- **Required work**: In your copy of the data below, reproduce every entry exactly and omit the pictures.

- **Available data**:

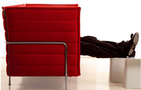 這是一款非常適合在公共場所使用的沙發(fā)。它表面看來跟普通的沙發(fā)沒有什么兩樣,但是它的靠背卻可以被伸展并直立起來從而形成一個屏風。這樣一來,當你需要相對私密的空間時,它就可以滿足你的需求。而平時則可以折疊起來,就像普通的沙發(fā)一樣。
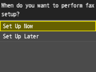 If you tap <Set Up Later>, the receive mode is set to <Auto>. Later, when you want to configure the fax settings, display the fax setup screen by tapping <Menu>  <Fax Settings> <Fax Setup Guide>.
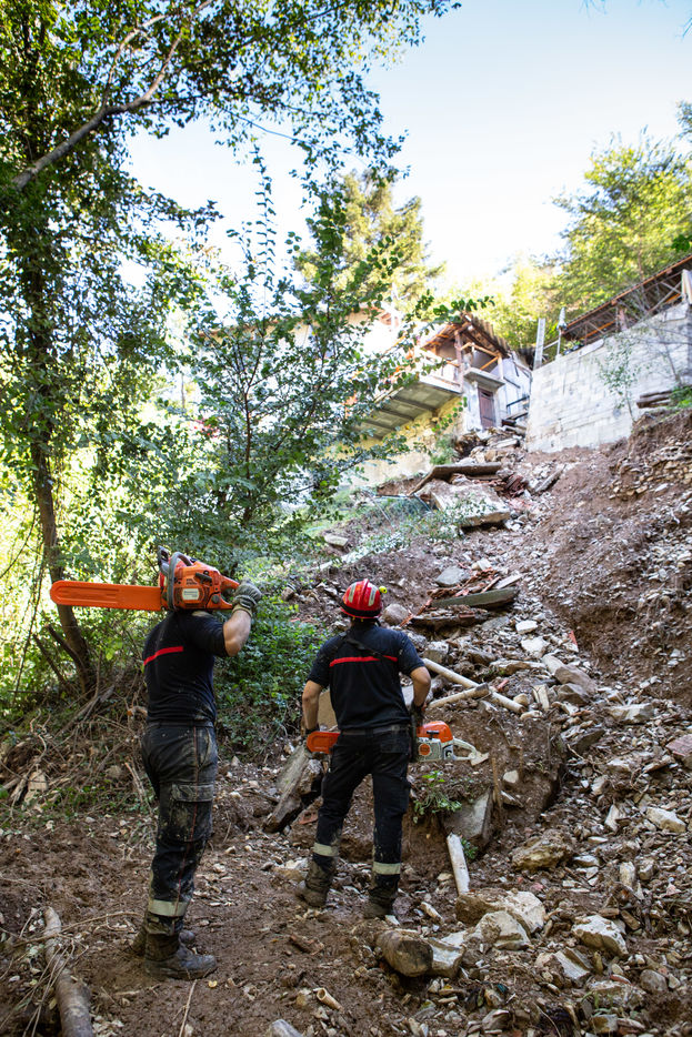 A small team of volunteer firefighters helps the affected population in Clans in the Tinée valley. Collapsed houses, landslides, cut roads, torn networks, shocked population. They are present every day as close as possible to the population to help, listen and find solutions according to priorities. They are the closest and the most responsive in these remote regions of the Alpes-Maritimes in the heart of the disaster.
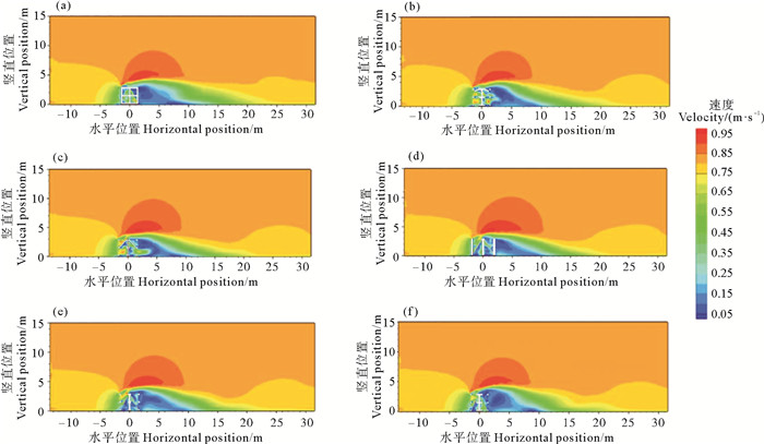 ((a)迎流角度0°; (b)迎流角度15°; (c)迎流角度30°; (d)迎流角度45°; (e)迎流角度60°; (f)迎流角度75°。(a) Frontal angle 0°; (b) Frontal angle 15°; (c) Frontal angle 30°; (d) Frontal angle 45°; (e) Frontal angle 60°; (f) Frontal angle 75°.) 图 13 来流速度为0.8 m/s时,增设倾斜侧板的方形人工鱼礁中y向垂直截面0 m处速度云图 Fig. 13 When the incoming velocity is 0.8 m/s, the velocity contour at 0 m in the vertical section of the y direction of the square artificial reef with inclined side plates |
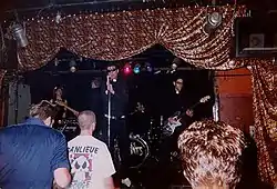 During the 80s and 90s, Bar La Terrasse/the Jailhouse was an important[2][3] site for a wide variety of acts that were part of punk, ska, industrial, metal, hip-hop and gothic musical scenes in Montreal, and the venue soon became a recurrent stop for international touring artists, with Domenic Castelli frequently acting as host as well as promoter for many of the concerts held at the venue. Castelli's first concert was a late 80s benefit for Montreal youth organisation Head & Hands featuring punk band the Ripcordz. But Domenic Castelli's first job was cleaning up after punk bands at Bar La Terrasse, before he began to book concerts there, and later at the Jailhouse.
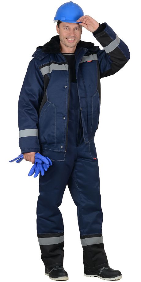 КУРТКА укороченная с отложным меховым воротником, с центральной застежкой на тесьму "молнию", накрытую ветрозащитным клапаном, застегивающимся на кнопки, притачным поясом частично стянутым резинкой. Рукава с внутренними трикатажными манжетами. ПОЛУКОМБИНЕЗОН с регулируемыми за счет эластичной тесьмы и фастексов бретелями, центральной застежкой на тесьму "молнию", с эластичной тесьмой по талии спинки, накладными боковыми карманами. На куртке и полукомбинезоне настрочены светоотражающие полосы 50мм для обеспечения безопасности работы в условиях пониженной видимости.ГОСТ 12.4.236-2011
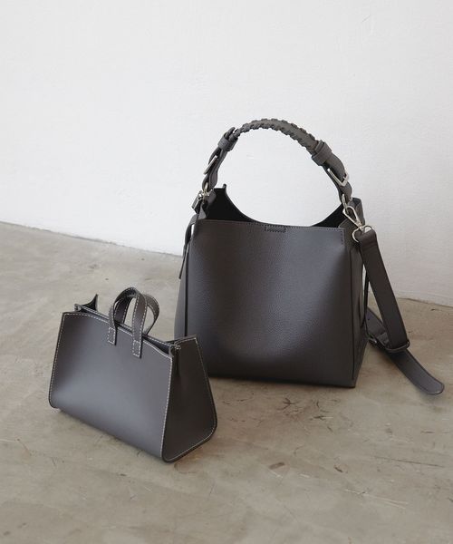 ハンドルの編み上げやミニバッグはステッチ使いがポイントになった、細部までこだわりのデザインを取り入れた、シーズンレス、トレンドレスでお使いいただけるバッグです。

- **Reply to the task**:
 這是一款非常適合在公共場所使用的沙發(fā)。它表面看來跟普通的沙發(fā)沒有什么兩樣,但是它的靠背卻可以被伸展并直立起來從而形成一個屏風。這樣一來,當你需要相對私密的空間時,它就可以滿足你的需求。而平時則可以折疊起來,就像普通的沙發(fā)一樣。
 If you tap <Set Up Later>, the receive mode is set to <Auto>. Later, when you want to configure the fax settings, display the fax setup screen by tapping <Menu>  <Fax Settings> <Fax Setup Guide>.
 A small team of volunteer firefighters helps the affected population in Clans in the Tinée valley. Collapsed houses, landslides, cut roads, torn networks, shocked population. They are present every day as close as possible to the population to help, listen and find solutions according to priorities. They are the closest and the most responsive in these remote regions of the Alpes-Maritimes in the heart of the disaster.
 ((a)迎流角度0°; (b)迎流角度15°; (c)迎流角度30°; (d)迎流角度45°; (e)迎流角度60°; (f)迎流角度75°。(a) Frontal angle 0°; (b) Frontal angle 15°; (c) Frontal angle 30°; (d) Frontal angle 45°; (e) Frontal angle 60°; (f) Frontal angle 75°.) 图 13 来流速度为0.8 m/s时,增设倾斜侧板的方形人工鱼礁中y向垂直截面0 m处速度云图 Fig. 13 When the incoming velocity is 0.8 m/s, the velocity contour at 0 m in the vertical section of the y direction of the square artificial reef with inclined side plates |
 During the 80s and 90s, Bar La Terrasse/the Jailhouse was an important[2][3] site for a wide variety of acts that were part of punk, ska, industrial, metal, hip-hop and gothic musical scenes in Montreal, and the venue soon became a recurrent stop for international touring artists, with Domenic Castelli frequently acting as host as well as promoter for many of the concerts held at the venue. Castelli's first concert was a late 80s benefit for Montreal youth organisation Head & Hands featuring punk band the Ripcordz. But Domenic Castelli's first job was cleaning up after punk bands at Bar La Terrasse, before he began to book concerts there, and later at the Jailhouse.
 КУРТКА укороченная с отложным меховым воротником, с центральной застежкой на тесьму "молнию", накрытую ветрозащитным клапаном, застегивающимся на кнопки, притачным поясом частично стянутым резинкой. Рукава с внутренними трикатажными манжетами. ПОЛУКОМБИНЕЗОН с регулируемыми за счет эластичной тесьмы и фастексов бретелями, центральной застежкой на тесьму "молнию", с эластичной тесьмой по талии спинки, накладными боковыми карманами. На куртке и полукомбинезоне настрочены светоотражающие полосы 50мм для обеспечения безопасности работы в условиях пониженной видимости.ГОСТ 12.4.236-2011
 ハンドルの編み上げやミニバッグはステッチ使いがポイントになった、細部までこだわりのデザインを取り入れた、シーズンレス、トレンドレスでお使いいただけるバッグです。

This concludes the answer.